4. The lithium-ion secondary battery according to claim 1, wherein the non-aqueous electrolyte contains an electrolyte represented by the following formula (4). LiPF a (C m F 2m+1 ) 6-a ... (4) [In equation (4), 0 ≤ a ≤ 6 and 1 ≤ m ≤ 4.] 5. The lithium-ion secondary battery according to claim 1, wherein the non-aqueous electrolyte comprises at least one selected from the group consisting of cyclic carbonate solvents, linear carbonate solvents, cyclic ether solvents, linear ether solvents, lactone solvents, ester solvents, and nitrile solvents.

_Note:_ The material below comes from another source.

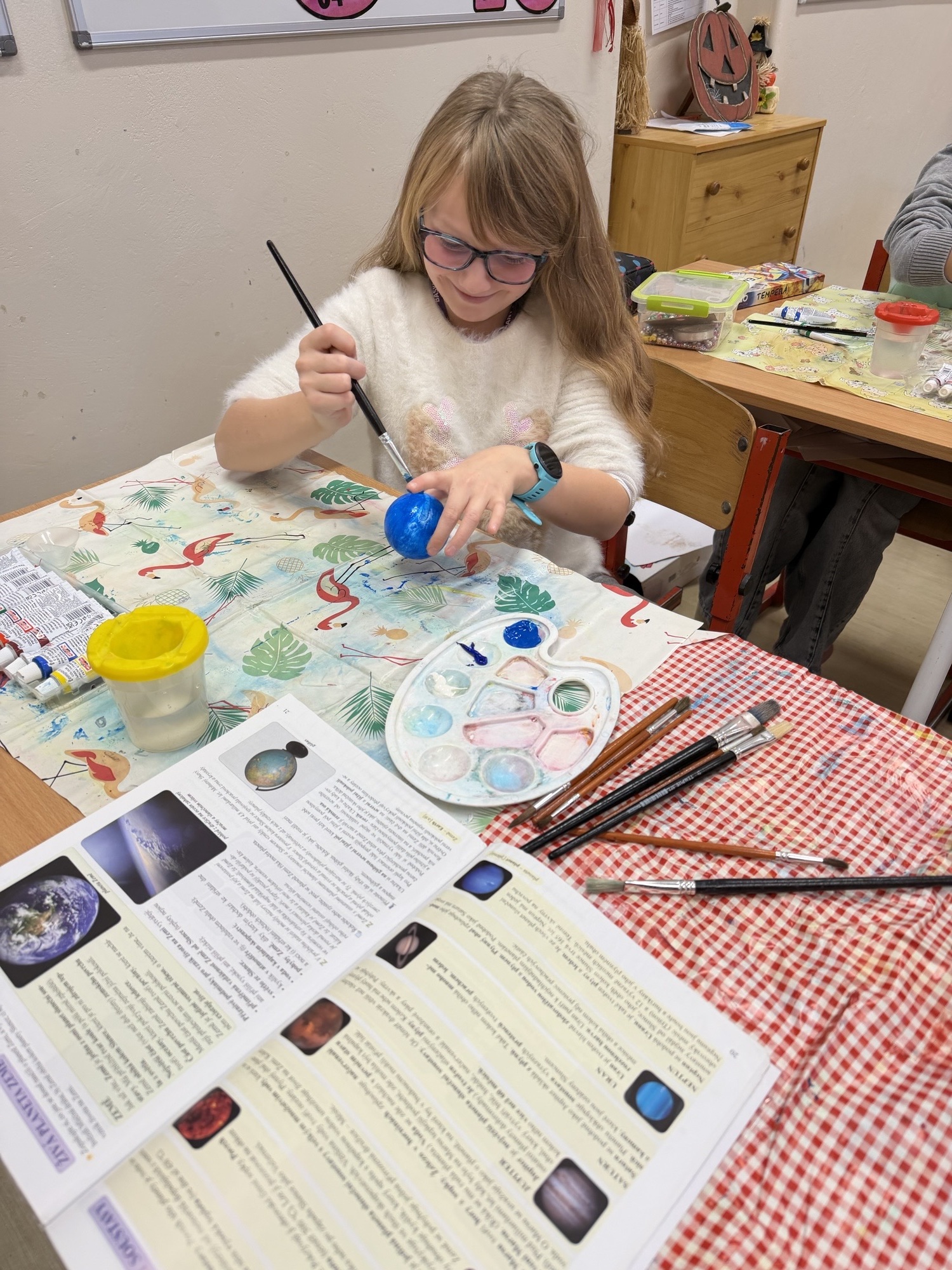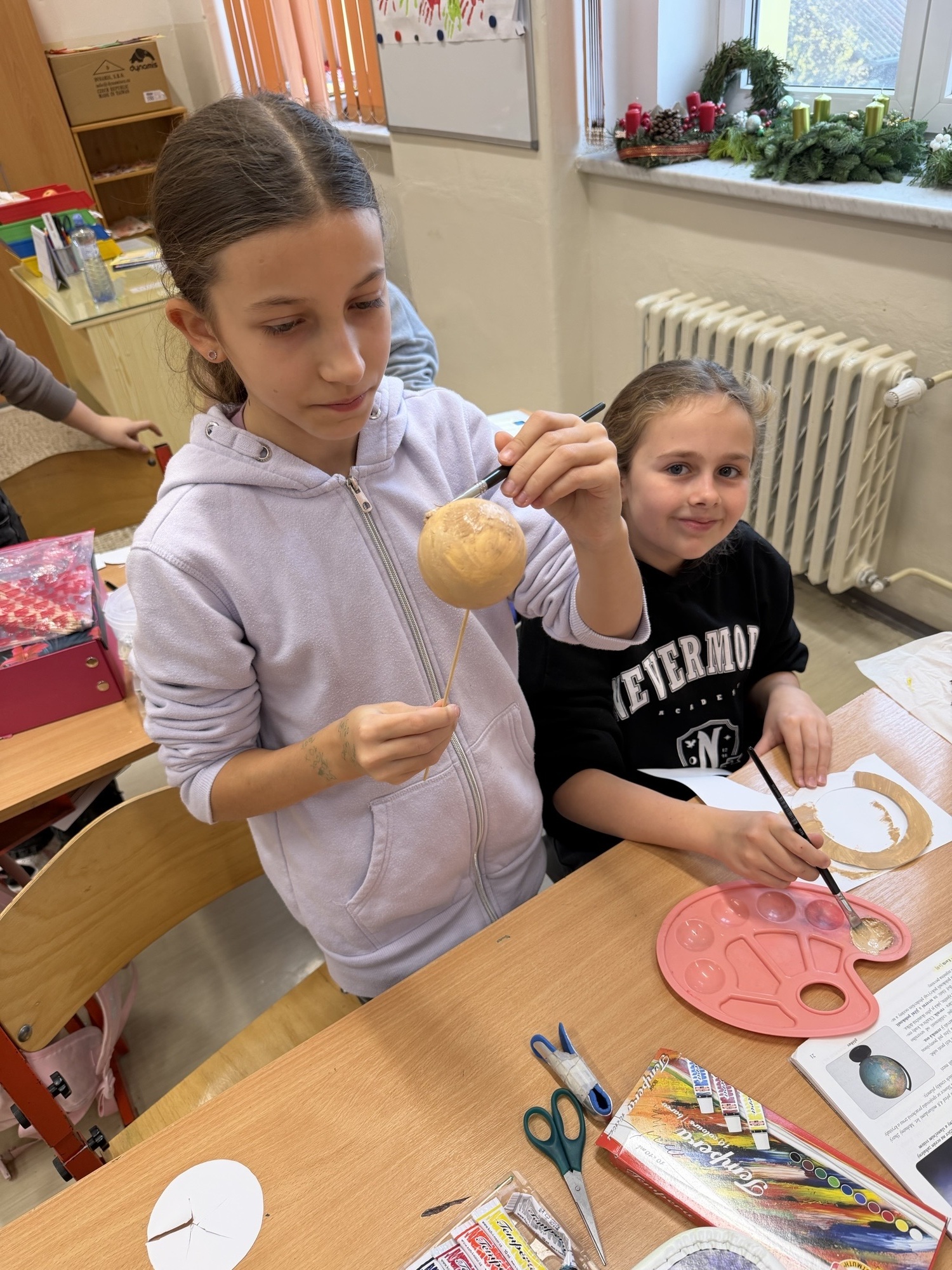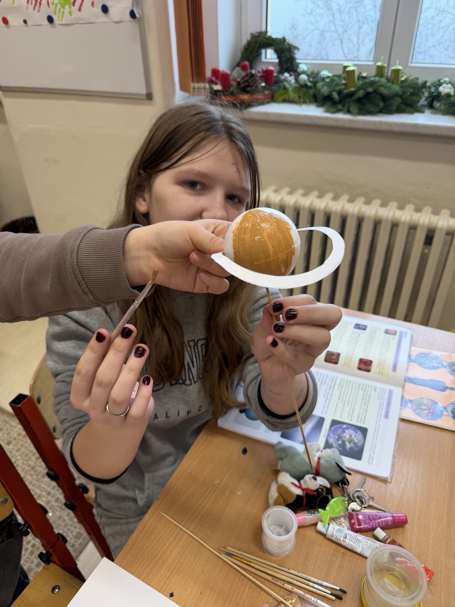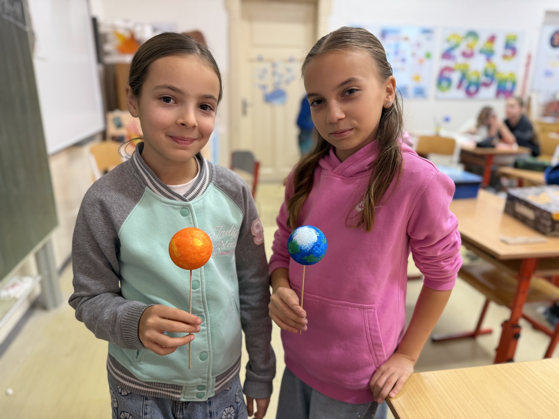 Poté jsme všechny planety spojili a vytvořili naši vlastní sluneční soustavu. Při práci si děti zopakovaly názvy planet, jejich pořadí kolem Slunce a zajímavosti, které o nich víme. Po vytvoření všech planet jsme vzali naše planety a obíhali jsme společně kolem Slunce.

6. The lithium-ion secondary battery according to claim 1, wherein the non-aqueous electrolyte contains, in a total volume of 100% of the non-aqueous solvent, at least 90% by volume of at least one selected from the group consisting of non-fluorinated saturated cyclic carbonate solvents and non-fluorinated saturated linear carbonate solvents.
7. A lithium-ion secondary battery comprising: a positive electrode having a positive electrode mixture layer and a positive electrode current collector; a negative electrode having a negative electrode mixture layer and a negative electrode current collector; and a non-aqueous electrolyte, wherein the positive electrode mixture layer contains a positive electrode active material represented by the following formula (1), and the non-aqueous electrolyte contains an electrolyte represented by the following formula (2) and a non-aqueous solvent, characterized in that the elution of Mn and Fe from the positive electrode to the non-aqueous electrolyte is suppressed by including at least one amidosulfate compound selected from the group consisting of amidosulfate, a salt of amidosulfate, an amidosulfate derivative represented by the following formula (3), and taurine in the non-aqueous electrolyte. 1+x Mn 1-y-z Fe y A z PO 4 ... (1) [In equation (1), -0.1 < x < 0.1, 0 < y < 1.0, 0 ≤ z < 0.1, 0 < 1 - y - z, and A is at least one atom selected from the group consisting of Zn, Al, Na, K, Mg, Mo, W, Ti, V, Zr, Ni, Co, Ga, Sn, Sb, Nb, and Ge.] LiN(X 1 SO 2 ) (X 2 SO 2 )...(2) [In formula (2), X 1 and X 2 This represents, either identically or differently, a fluorine atom, a C1-C6 alkyl group, or a C1-C6 fluoroalkyl group. 1 R 2 NSO 2 (OM)...(3) [In formula (3), R 1 and R 2 R represents, either identically or distinctly, a hydrogen atom, a hydroxyl group, a C1-C10 alkyl group, a C3-C10 cycloalkyl group, a C6-C16 aryl group, a C7-C16 aralkyl group, or a C2-C16 alkanoyl group. 1 and R 2 They may be bonded to each other to form a ring structure. However, R 1 If R is a hydrogen atom, 2 [This is not a hydrogen atom. M represents a hydrogen atom or a metal atom.]